I also planned on putting the turtle in the pond once i set it up and if there is no other animals that might eat him lol


----------



## Claudia (Apr 21, 2010)

He is doing great, really happy swimming every where. He got lettuce for supper today and he loved too  I think he is not going on top of the island so i hope he gets it soon lol


----------



## Claudia (Apr 21, 2010)

Well well well, i was worry and look what i found lol




























He is such a happy boy, i am so happy  Now to sale the tank i got for him lol


----------



## Claudia (Apr 21, 2010)

Thanks to another member i was able to set up the turtle's light, seems happy with it too.

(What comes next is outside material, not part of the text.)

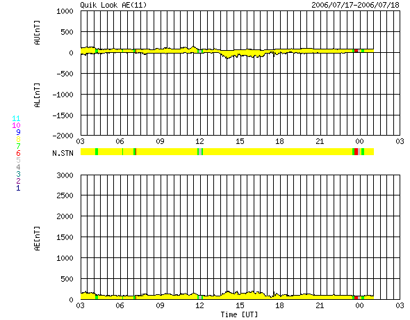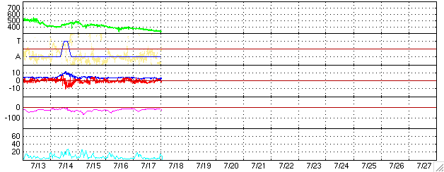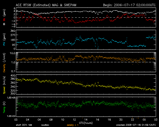 2006/ 7/18 11:02 更新 太陽風の速度は一段と下がり(320km/秒)、磁気圏は静穏です。 担当 篠原 太陽風は更に速度を下げ、320km/秒とかなり低速になっています。 磁場強度も3nTにやや弱まっています。 南北成分はゆったりと変化していて、-2nTの弱い南向きが半日近く続いているところもあります。 しかし、速度が下がりきっているためでしょう、 磁気圏への影響は小さく、AE指数にはほとんど変化が現れていません。 オーロラが活動する緯度は、磁気圏活動の度合いによって変化します。 穏やかな時は、より高緯度側に移動する傾向があります。 そのため、実際にはAE観測点よりも高緯度側でオーロラ活動が発生していて、 AE指数にはその変化が捉えられていないという可能性があります。 ただ、そうだったとしても、小規模のオーロラ活動である事に変わりはないでしょう。 太陽風はこれから1週間程度穏やかな状態が続くと予想されます。 次の乱れは24日頃に始まるでしょう。 太陽の900黒点群は、昨日と規模はあまり変わっていません。 X線のグラフには900黒点群で発生したとても小さな変動が観測されていますが、 いまのところ、900群が活発になったという印象ではありません。 SOHO衛星のEIT284カメラの映像 (c) SOHO (ESA & NASA)

Found him with his 2 back legs stretched out lol I got a bit scared too, i saw his scales were peeling? so i google it right away and good news  he is growing lol its called Scute Shedding (not that i will remember the name for it) but at least i know he is fine


----------



## JTang (Apr 21, 2010)

Wow another pet!? Nice! My friend wanted a turtle 2 yrs ago so I took him to King Ed's. He ended up getting 4! Lol

I'm not sure if its essential but he adds those calcium blocks to the tank regularly. I believe that's for their shell growth The others are right, make sure u have a cover on if you are keeping the water at this level. Their legs are pretty strong n they can stand up n climb out if they want to....


----------



## Claudia (Apr 21, 2010)

Oh yes, i already added the calcium block and yes is good for their shell. The water level is a bit less now and i still have the glass on the back so so far so good, he is sure a happy camper


----------



## Sidius (Mar 25, 2012)

Just something to keep an eye one.. African's have been known to pick at the eyes of large pleco's and someone on BCA had his africans pick at the shell of a turtle that he tried in his tank (although I think it was a fly river turtle) until they had done some damage to the shell. They can be pesky little brats when it comes to fish.


----------



## Claudia (Apr 21, 2010)

I will sure keep my eyes on, I also have a pleco there and had no problems at all. The turtle is pretty happy and havent seen anything weird at all but thanks for the advice i will sure look out just in case


----------



## architeuthis (Apr 22, 2010)

That's a nice looking cooter. He looks like a florida redbelly.


----------